Hoe vaak bedrijfsongevallen met elektriciteit voorkomen is niet precies bekend. In 2019 zijn 284 meldingen van zulke ongevallen geregistreerd, waarbij één betrokkene is overleden en 88 personen gewond raakten. Geen van deze slachtoffers werd naar het brandwondenziekenhuis vervoerd. TBV berichtte in 2014 al over cardiovasculaire complicaties in de acute fase na een elektrische schok.1 Maar dergelijke ongevallen kunnen ook op de langere termijn gevolgen hebben. Na maanden of soms wel vijf jaar later. Dit artikel gaat naar aanleiding van een casus dieper in op de pathogenese van de langeretermijngevolgen en de mogelijkheid van simulatie bij ziekmelding.
Precieze cijfers over bedrijfsongevallen met elektriciteit zijn er zoals gezegd niet. De hierboven genoemde aantallen over 2019 zijn vastgelegd door Kiwa Technology.2 In 2014 vestigde TBV ook de aandacht op letsels na een elektrische schok op het werk.1 Hierbij ging het met name om cardiovasculaire complicaties. Nu staan we stil bij de langetermijngevolgen van elektriciteitsongevallen. Deze gevolgen kunnen niet alleen direct na het ongeval ontstaan, maar zich ook pas maanden tot wel vijf jaar later manifesteren.3 Behalve duidelijk zichtbare brandwonden kan het gaan om allerlei vage klachten en aspecifieke symptomen waarvan de onderliggende pathogenese niet altijd duidelijk is.3 4 5 Hierbij kunnen naast de huid diverse orgaansystemen zijn aangedaan (zie tabel 1).
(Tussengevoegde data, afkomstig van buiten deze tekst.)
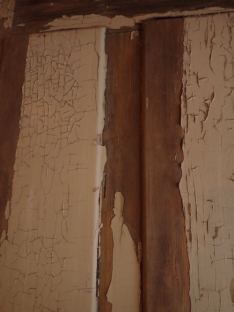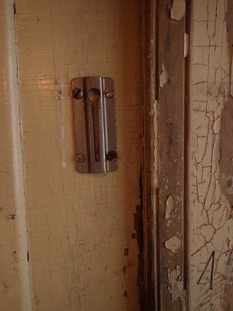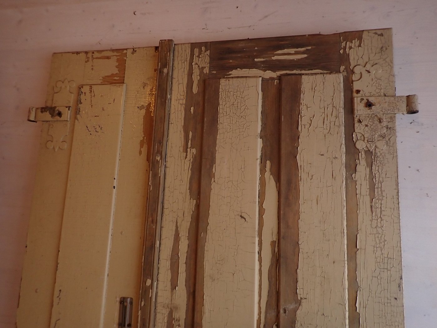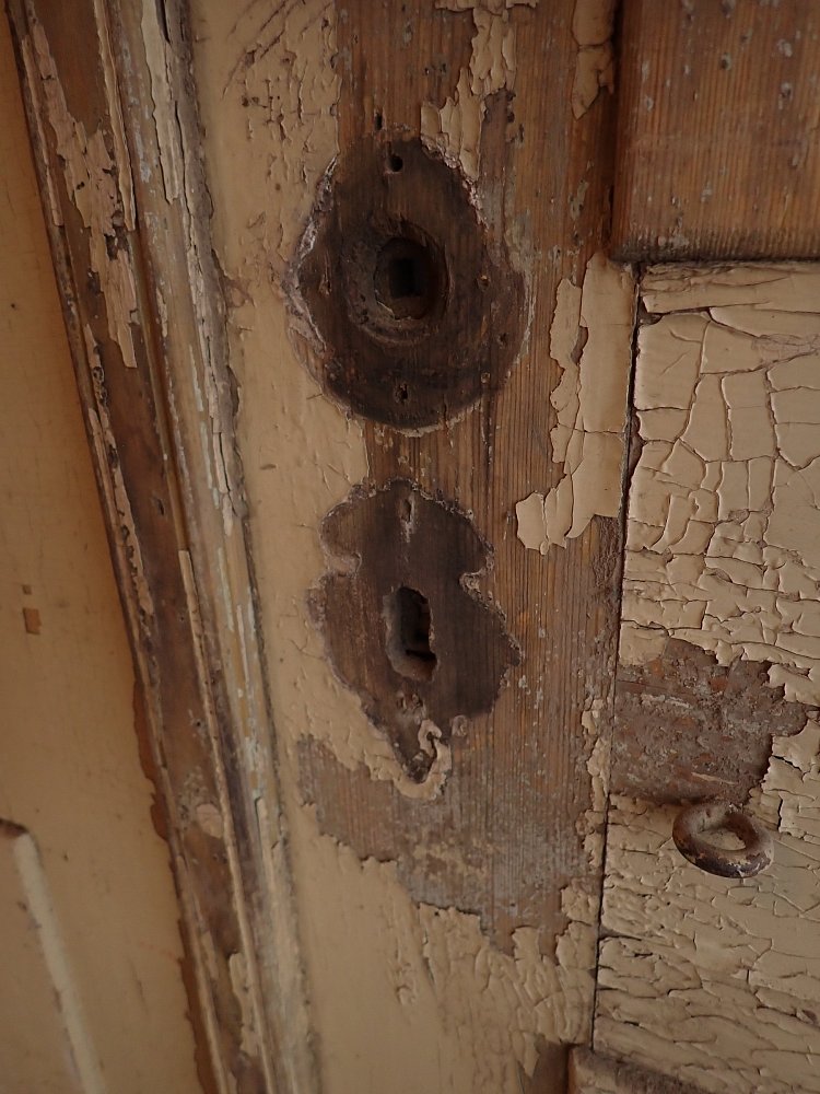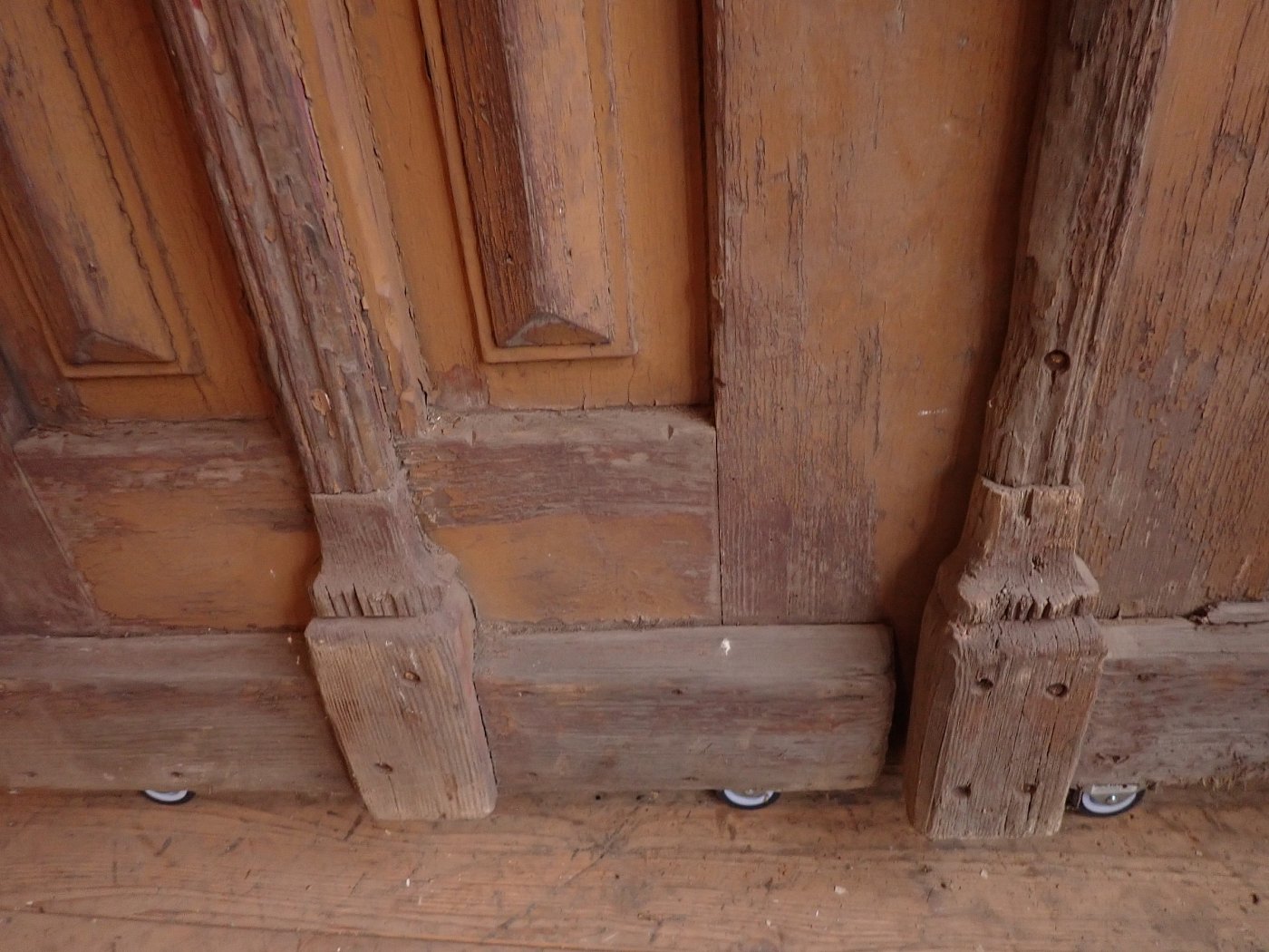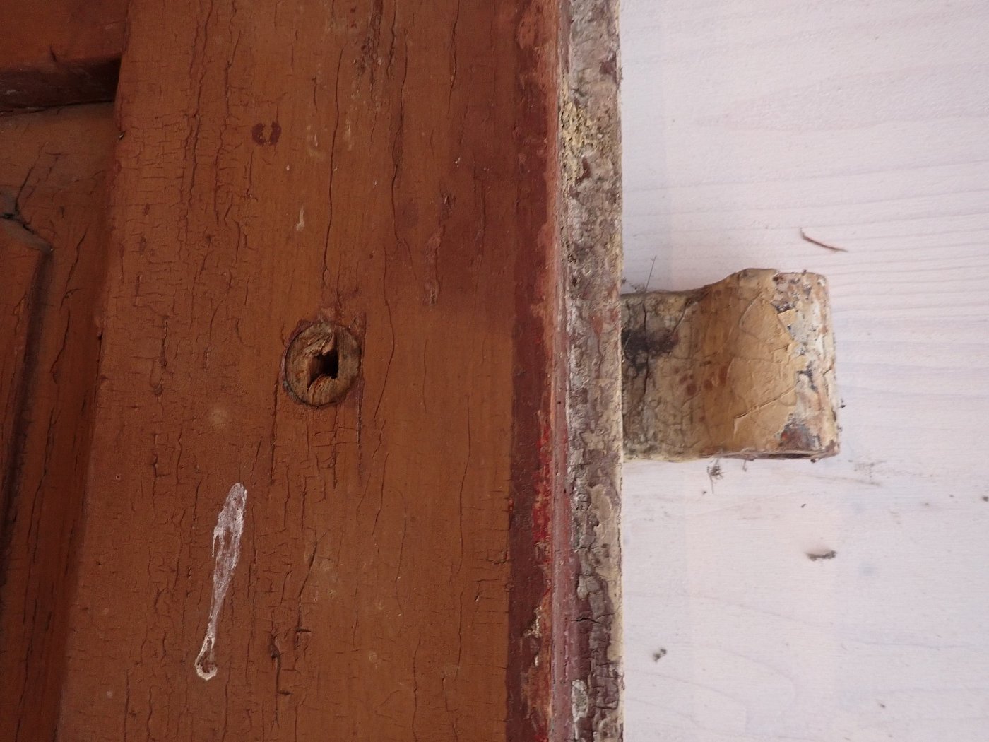Die Haustür ist aus Eichenholz gefertigt und mit einem Buntglasfenster im oberen Bereich und mit einem sternförmigen Holzintarsienmuster gestaltet. An der Tür...

In meerderheid van de gevallen gaat het om neurologische aandoeningen en neuropsychologische klachten en psychiatrische symptomen.5 De ernst van somatische letsels bij elektriciteitsongevallen is onder meer afhankelijk van de tijdsduur van de schok, de afstand die de stroom door het lichaam aflegt, de stroomsoort (wisselstroom is schadelijker dan gelijkstroom) en het voltage. Het lijkt vanzelfsprekend dat laagspanning (<1000 V) minder morbiditeit en mortaliteit veroorzaakt dan hoogspanning (≥1000).
Tabel 1
: Gevolgen van elektriciteitsongevallen.
Algemeen: gegeneraliseerde pijn, vermoeidheid, bewegingsbeperking, contracturen, pruritus, spierspasmen, hoofdpijn, migraine, nachtzweten, koorts, gewrichtsstijfheid.
|
Huid: brandwonden.
|
Tractus circulatorius: ventrikelfibrilleren, asystolie, aritmieën, myocardnecrose, subpericardiale microbloedingen, vasculaire laesies.
|
Tractus respiratorius: ademhalingsstilstand door paralyse van de ademhalingsspieren en/of beschadiging van het pontiene ademhalingscentrum.
|
Tractus gastro-intestinalis: (Meestal mild) darmperforatie, intra-abdominaal trauma, stress-ulcus. (Zelden) hemorragische necrose van de pancreas of galblaas.
|
Tractus locomotorius: weefselnecrose door vochtophoping, fracturen door vallen, botnecrose door beschadiging botmatrix, amputatie chirurgisch of door trauma.
|
Zenuwstelsel: bewustzijnsverlies, amnesie, doofheidsgevoel, hoofdpijn, chronische pijn, algehele zwakte, concentratieproblemen, paresthesieën, syncope, verminderde balans, ataxie, ischias, carpaletunnelsyndroom, insulten, duizeligheid, verminderde coördinatie, tinnitus, tremoren, neuropathieën, hersenzenuwaandoeningen, myelopathie, niet-aangeboren hersenletsel (NAH), cerebellair syndroom, bewegingsstoornissen, autonome zenuwstelsel dysfunctie (o.a. CRPS) en ruggenmergaandoeningen.
|
Tractus urogenitalis: blaasproblemen, nierfunctiestoornis door myoglobinurie als gevolg van rabdomyolyse, erectiele dysfunctie.
|
Tractus ophthalmicus: cataract.
|
Psychologisch: depressie, PTSS, insomnia, nachtmerries, angst, flashbacks, specifieke fobie, frustratie, hyperalertheid, paniekaanvallen, zelfdepreciatie, schuldgevoel, stemmingswisselingen, geheugenproblemen, prikkelbaarheid, concentratieproblemen, slapeloosheid, conversiestoornis.
|
Grube e.a.6 concluderen onder meer dat laagspanningsongevallen (<380V) zelden blijvende gevolgen hebben en dat vertraagde perifere neuropathie bij patiënten die gewond zijn geraakt bij een elektriciteitsongeval regelmatig voorkomt. Dit wordt dan vaak chronisch en is meestal mild. Singerman e.a.5 constateren daarentegen juist dat laagspanningsongevallen vaker leiden tot chronische klachten (long-term sequelae) dan hoogspanningsongevallen. Volgens Wesner en Hickie3 kunnen de gevolgen van laagspanning ernstiger zijn dan verwacht als gevolg van het niet kunnen loslaten door onwillekeurige spiercontractie.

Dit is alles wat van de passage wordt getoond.